We document our APIs using Swagger, which gets us a good part of the way there. We accomplished the second goal by doing the first one twice (instructions below): deployments to our Staging server publish documentation to one confluence section, which stakeholders can subscribe to and get a diff whenever we update the page (again we don’t have to do this), and then our Production deployment publishes documentation to the production section on confluence. We also use semantic versioning for our APIs, which give our stakeholders a really quick idea of what we intend with the release.

swagger demo

Steps:

  • Set up swagger for your project. There’s a really good guide here: https://docs.microsoft.com/en-us/aspnet/core/tutorials/web-api-help-pages-using-swagger?view=aspnetcore-2.1
  • During release, after the site has been deployed, download the latest swagger.json
  • Use swagger-confluence-cli to post it to Confluence

Install the Generate Release Notes Build Task from the Azure DevOps Marketplace

https://marketplace.visualstudio.com/items?itemName=automagically.DownloadFile

In the release, add an Agent phase (if you don’t already have one)

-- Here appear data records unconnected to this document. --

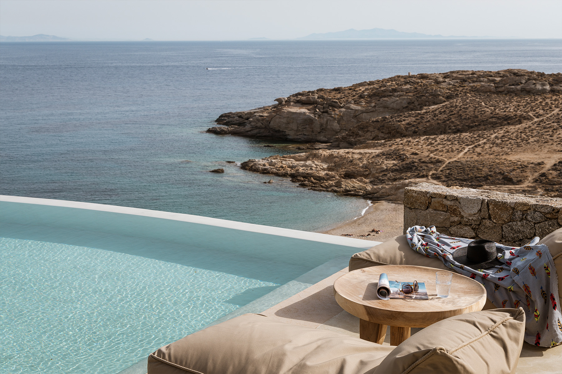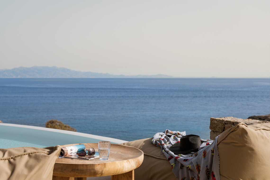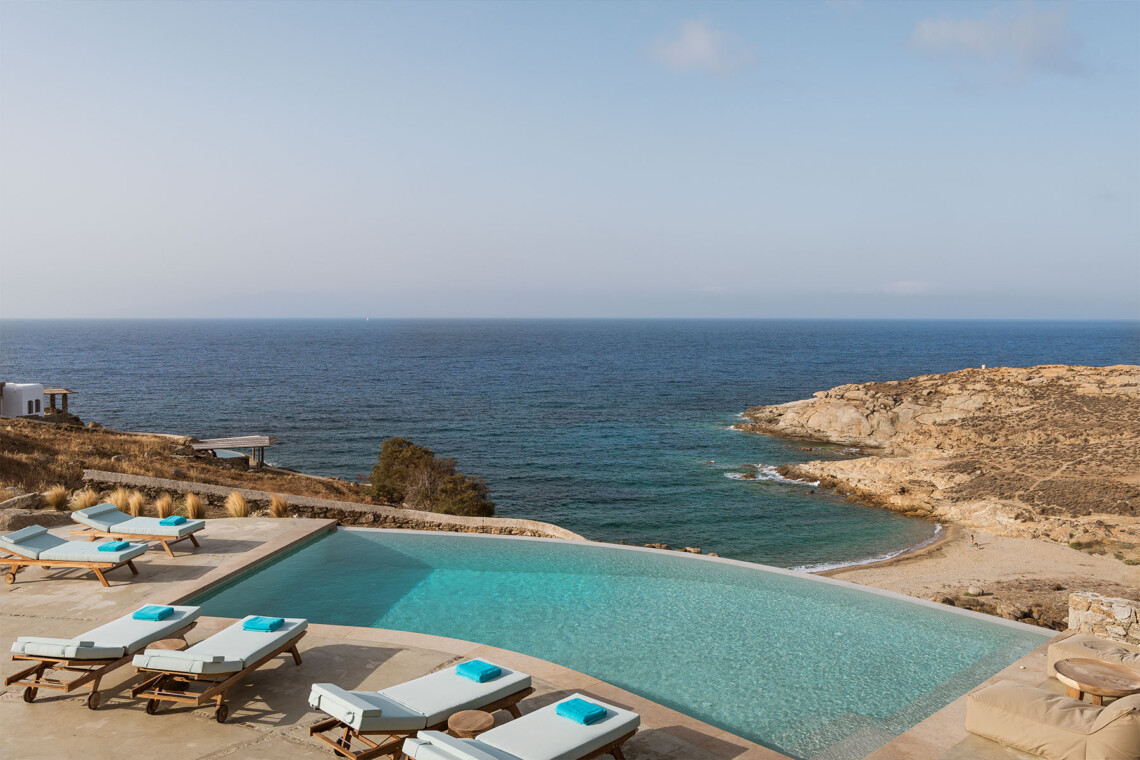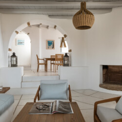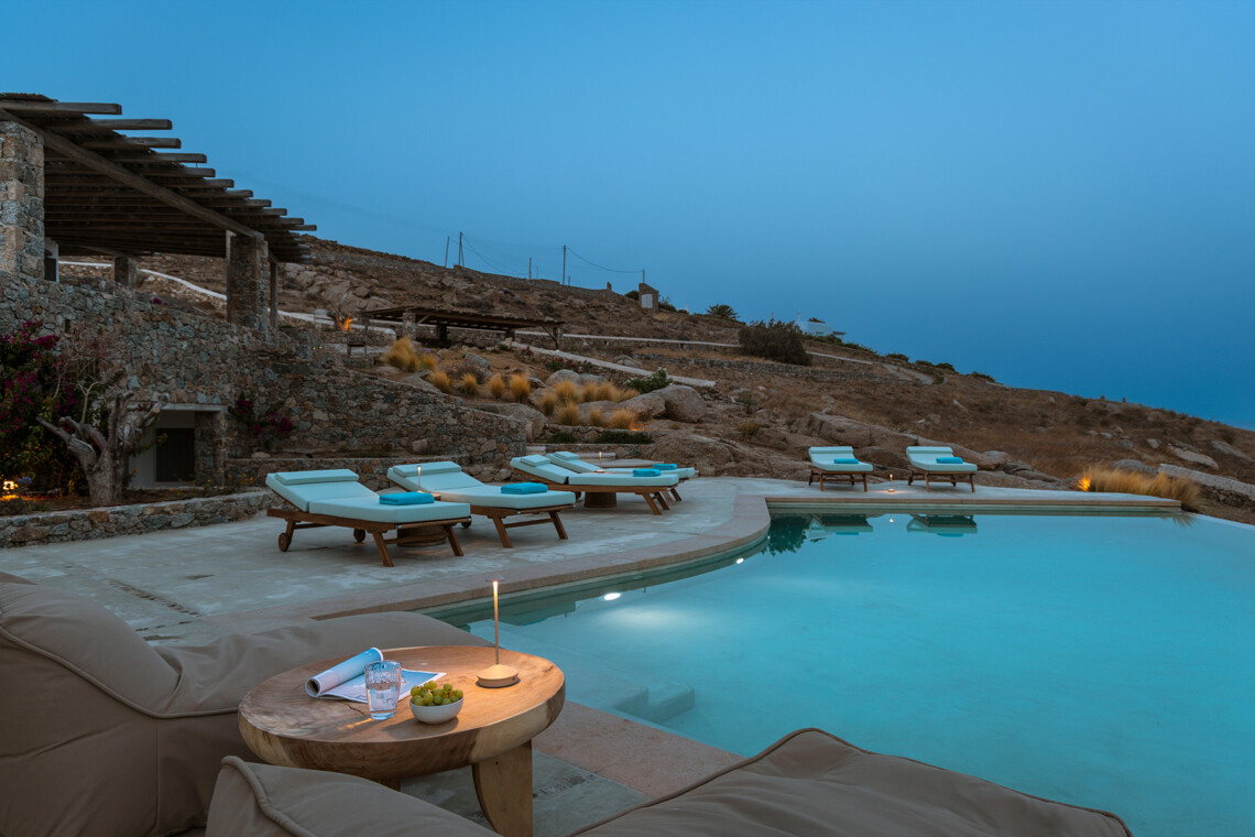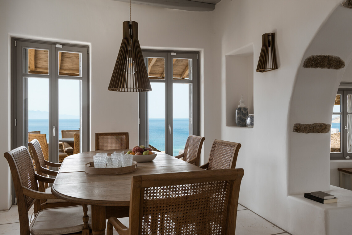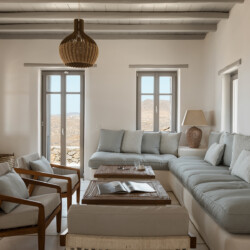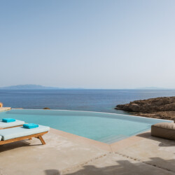 Blending traditional Cycladic architecture with modern amenities, the villa’s interiors are a tribute to the pristine surroundings, featuring natural stone accents, minimalist design, and large windows that invite the stunning sea views indoors. The outdoor area is a Mediterranean haven, centered around an infinity-edge pool that merges seamlessly with the horizon. Sun loungers, a shaded BBQ area, and al fresco dining spaces complete this picturesque retreat, providing the perfect setting for cherished moments with family and friends.
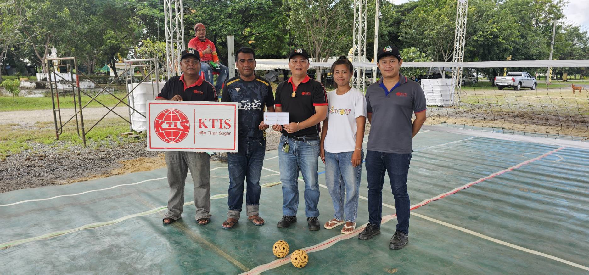 ปริญญ์ ศิริวิริยะกุล ผู้จัดการโรงงาน เกษตรไทย อินเตอร์เนชั่นแนล ชูการ์ คอร์ปอเรชั่น ปอเรชั่น  มอบหมาย สราวุฒิ เข็มวงษ์ ผู้จัดการส่วนบุคคลและมวลชนสัมพันธ์ พร้อมด้วยทีมงานมวลชนสัมพันธ์ KTIS GROUP  มอบเงินสนับสนุนการจัดการแข่งขันเซปักตะกร้อการกุศลครั้งที่ 1 เพื่อการระดมทุนจัดซื้ออุปกรณ์ก่อสร้างอุโบสถวัดศรีอินทราราม ณ วัดศรีอินทราราม ตำบลไร่พัฒนา อำเภอมโนรมย์ จังหวัดชัยนาท เมื่อวันพฤหัสบดีที่ 13 ตุลาคม 2568
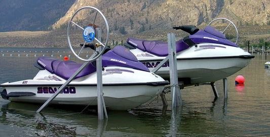 Boat Lift Distributors | Storm Surge | Model SS 2,000 LB Dual PWC Lift | Track Length 16′ | Capacity 2,000 lbs | Weight 600 lbs | For Jet Skis & Small Skiffs

Add the DownloadFile Task and a PowerShell Task after the tasks which deploy your project (your site needs to be reachable at this step)

swagger tasks

Download swagger-confluence-cli and save it to a local folder on your build servers*. https://cloud.slkdev.net/swagger-confluence/cli/

  • Alternatively, you can package it into nuget package and reference it in your project; or place it in your repo; load it as a separate artifact from another repo; or have it accessible on a network drive. I found that if we place it on the build servers, we don’t need to download artifacts in the Agent Phase, which makes our release a bit faster.

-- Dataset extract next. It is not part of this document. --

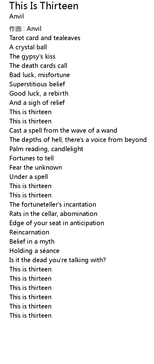 | 歌曲 | This Is Thirteen |
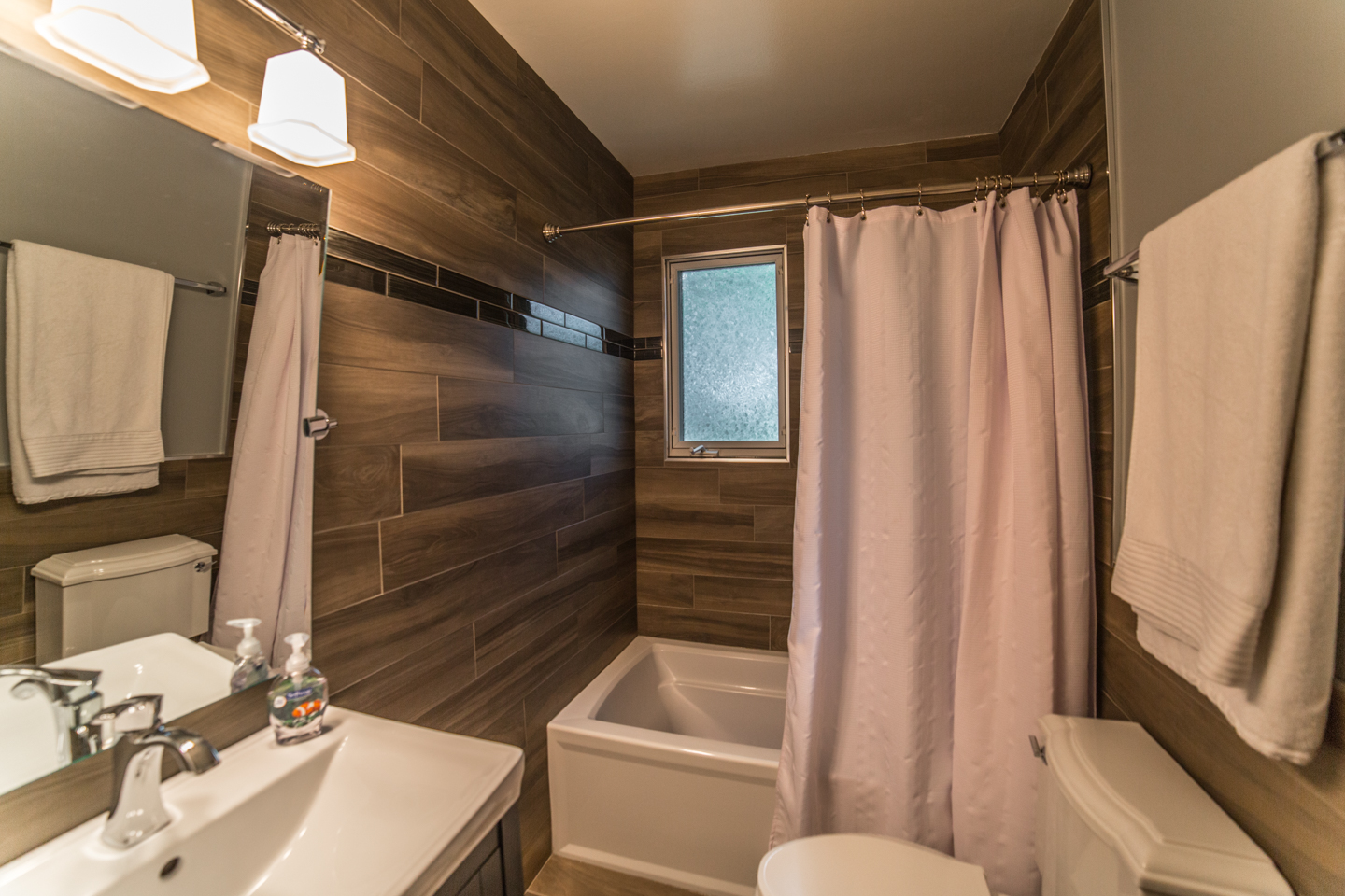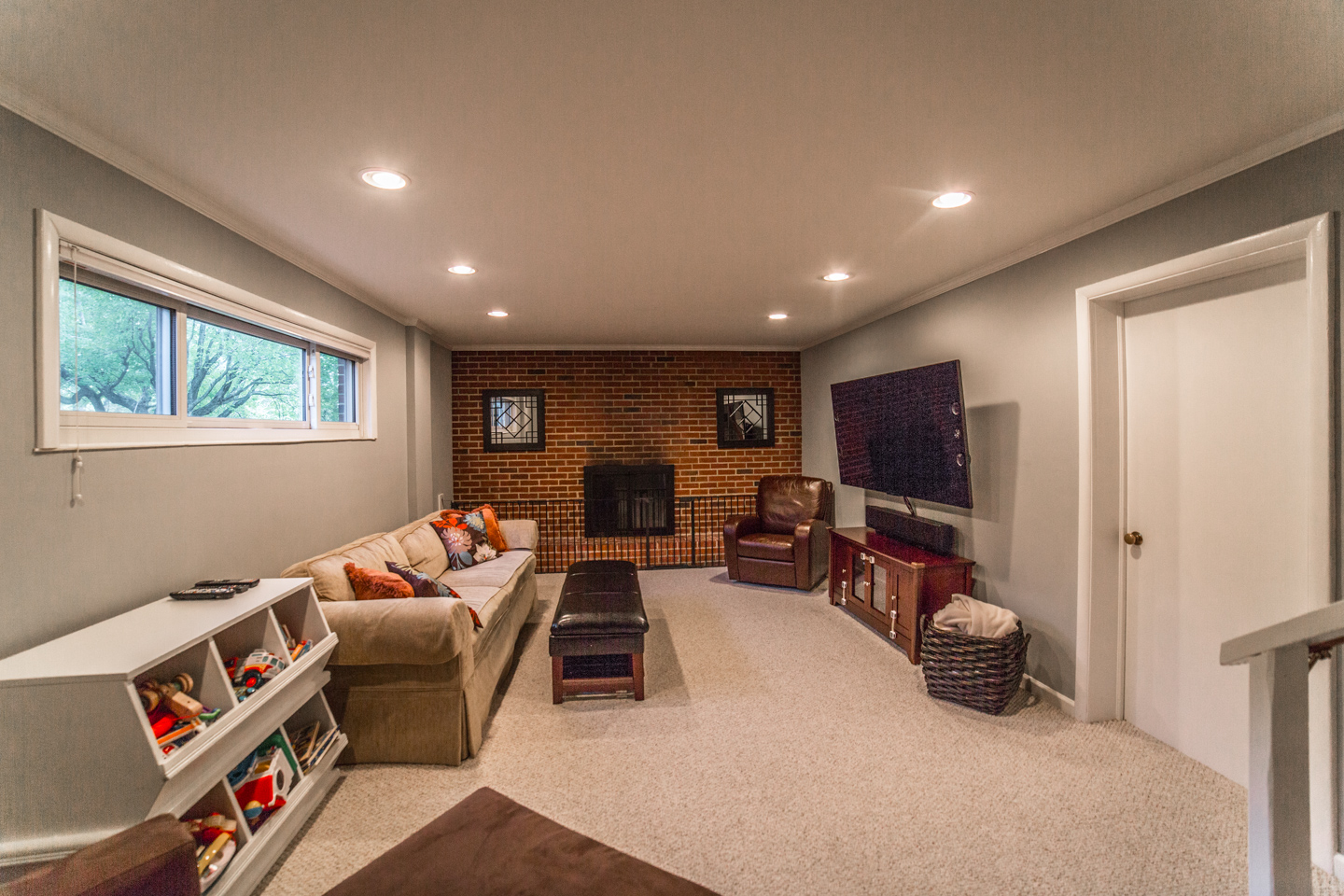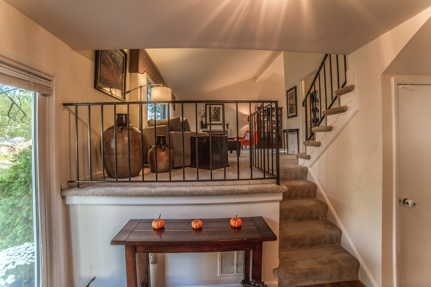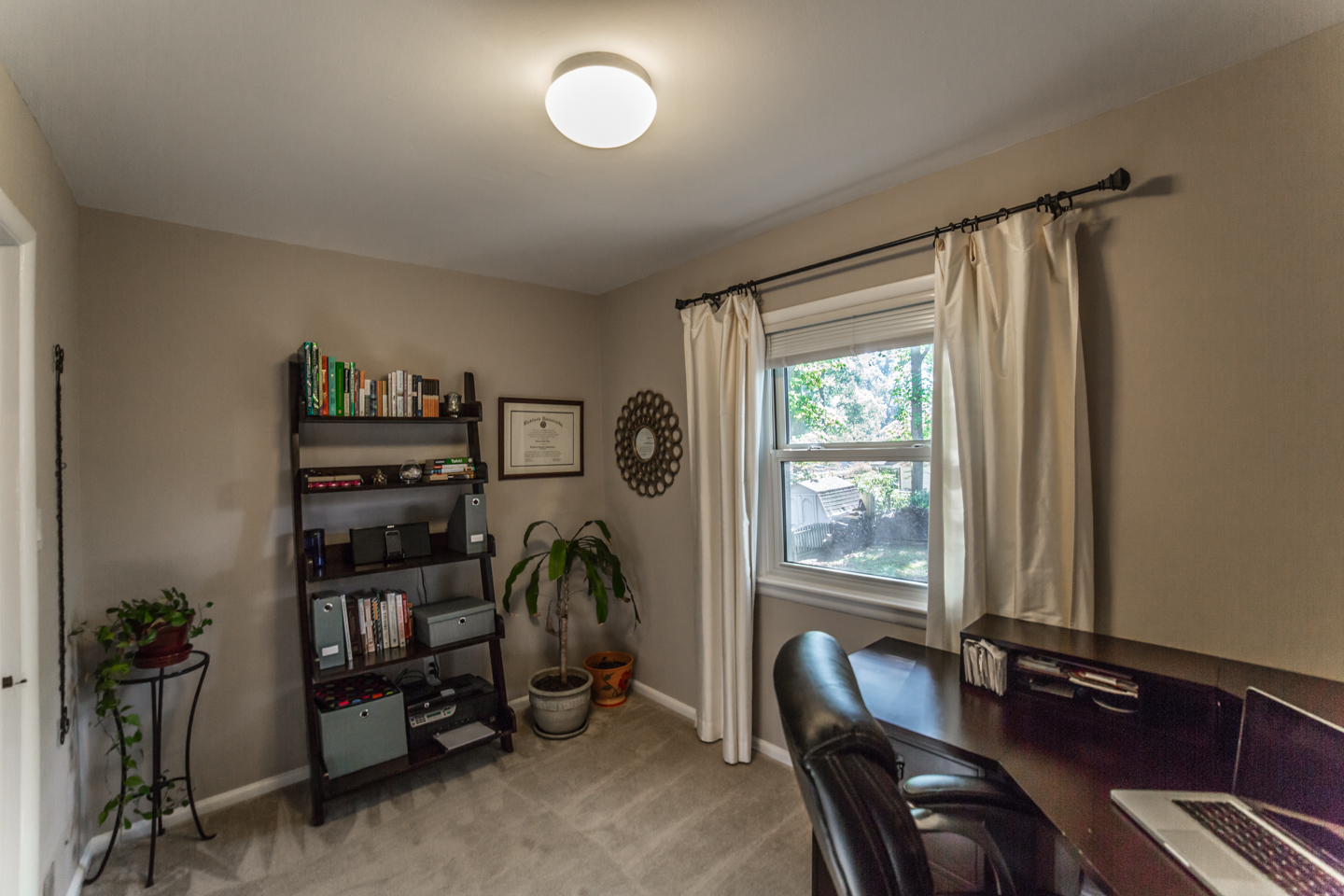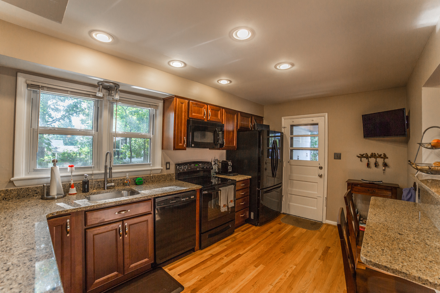 This great split level home in McLean Virginia’s 22101 zip code has a quarter (1/4) acre lot. It is nicely remodeled in the kitchen, bathrooms, and other areas. The kitchen has black appliances, including a built in microwave. Plus there are granite counters, including a great breakfast bar by a cut out into the dining room. There are also wood floors. And a separate entrance to the home into the kitchen from the carport. The dining room feels nice and much more open with the cut out. Plenty of room for a large 8 seater table. There are also wood floors here. Great natural light even in the foyer of this home with a nice large window next to the front door. And the home has a half bath that’s renovated on the main level as well. You have a choice of going up to the living room or down to the rec room. If you go up, you’ll love the high vaulted ceilings and great windows in the living room. Parts of the living room span the whole length of this McLean house from front to back. Plus there is very nice office/den area off the living room. If you go up again you’ll be on the bedroom level with 3 good sized bedrooms and 2 nicely renovated bathrooms. Plus good lighting throughout the house to include recessed lights in the kitchen and lower level rec room. Speaking of which there are 2 fire places, one in the rec room, and one in the living room. The rec room is also a good size. And there is an unfinished utility room that’s great for storage and also has very efficient front loader washer and dryer. The utility room of this split level home has another exterior door out to the back yard. The back yard is spacious, pretty flat, and well landscaped. Plus it’s fenced. Great for keep tabs on little ones or pets.

Configure the Download File task to point to your just releases project’s swagger.json

swagger download file

Next, configure the powershell script to convert the swagger json into html pages and post them to your confluence site

swagger powershell
java -jar "c:\agent\tools\swagger-confluence-cli-all-2.2-RELEASE.jar" -u "https://confluence.mysite.com/rest/api/" -b "$(ConfluenceCredentials)" -a $(ConfluenceParentPage) -g "false" -i "false" -k "$(ConfluenceSpace)" -s "$(System.DefaultWorkingDirectory)\swagger.json" -t "$(ConfluencePageName)" -m "single"

Next, we need to add all the Variables we referenced:

swagger variables

ConfluenceCredentials is your base64 encoded username:password


Tags

utils
Alexandru Puiu

Alexandru Puiu

Engineer / Security Architect

Systems Engineering advocate, Software Engineer, Security Architect / Researcher, SQL/NoSQL DBA, and Certified Scrum Master with a passion for Distributed Systems, AI and IoT..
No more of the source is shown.